Data Extraction and Management
To review interventions, a data extraction table was created using Microsoft Excel in line with Cochrane's data collection form. Subsequently, the table was adjusted after being pilot-tested in randomly selected articles. It included study-related data: study name, year of publication, study design, number of patients in the intervention and control group, one-year recurrence rates of laser and control groups, in addition to secondary outcome measures. NDM and AG, two authors in the series collected the results and recorded them; disputes were resolved through discussion with an independent author FS.
Data Synthesis
Data were synthesized using OpenMeta Analyst (Brown University School of Public Health, Providence, RI) software. Using two independent authors, NDM and AG, the extracted data were entered into the software. The analysis involved utilizing a binary fixed-effects model with a generic inverse variance function being applied to account for cases of moderate to high heterogeneity and utilizing an odds ratio (OR) on the dichotomous data. The result about the primary outcome was reported on a forest plot with 95% confidence intervals (CIs).
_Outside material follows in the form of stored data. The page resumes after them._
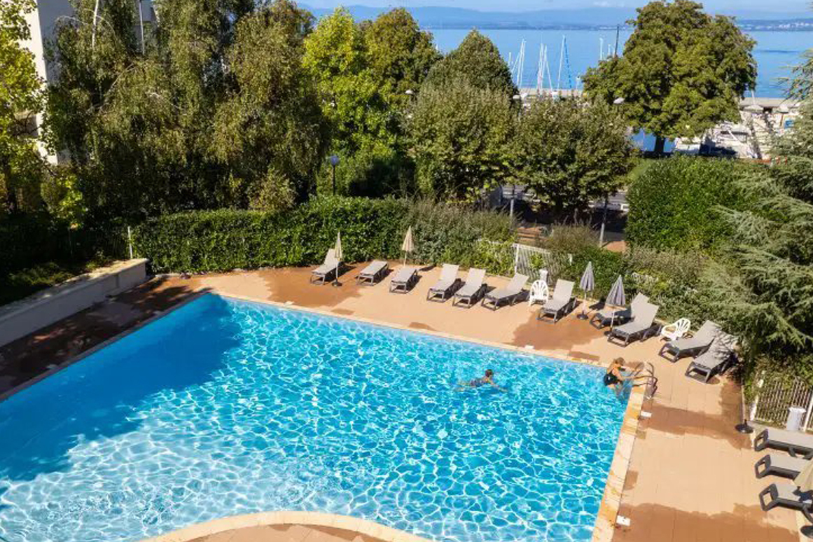 » Centre aquatique « Évian Plage » en bord de lac sur 3,5 ha de pelouse avec 2 piscines chauffées, plongeoirs et jeux aquatiques.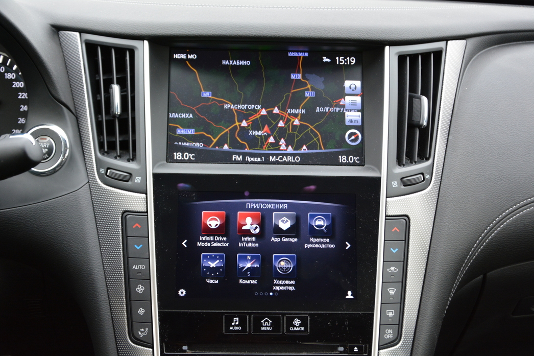 Неплохо, кстати, что дизайнеры интерьера Infiniti Q50 не стали злоупотреблять не только «квазидеревянной», но и деревянной отделкой салона машины, как это принято сейчас у японских брендов-конкурентов. Прочие автопроизводители уже давно и с энтузиазмом лепят «дерево» в свои бюджетные машины — подобные детали интерьера теперь воспринимается, скорее, как признак безвкусицы и китча, а не богатства и стиля, как это было раньше.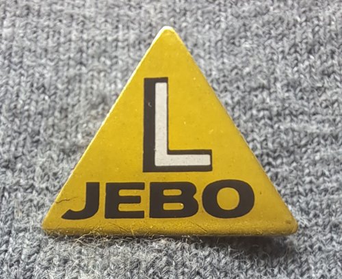 L JeboAchtergrond: Goud, Blik / Metaal, Gebruikt, Nederland, Opdruk: Wit, Opdruk: ZwartRijschool / Letter

Assessment of Heterogeneity
The data were assessed for heterogeneity using the Cochrane Q test (X2) and through the calculation of the I2 value. The studies yielded a statistically significant heterogeneity (I^2 = 77.12%, P = 0.013), which was successfully accounted for by using an inverse variance function (I^2 = 0%, P = 0.013).
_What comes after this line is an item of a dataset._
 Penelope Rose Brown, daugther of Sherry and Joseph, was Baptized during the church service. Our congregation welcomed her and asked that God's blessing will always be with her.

Methodological Quality and Risk-of-Bias Assessment
For publications that satisfied the qualifying requirements, two authors, NDM and AG, independently evaluated the methodological quality and the risk of bias using the Cochrane Collaboration's tool, which classified RCTs as having a low, high, or unclear risk of bias (Table 1).
Table 1. Cochrane Collaboration’s tool.
Assessment of risk of bias for the randomized controlled trials utilizing the Cochrane Collaboration’s tool.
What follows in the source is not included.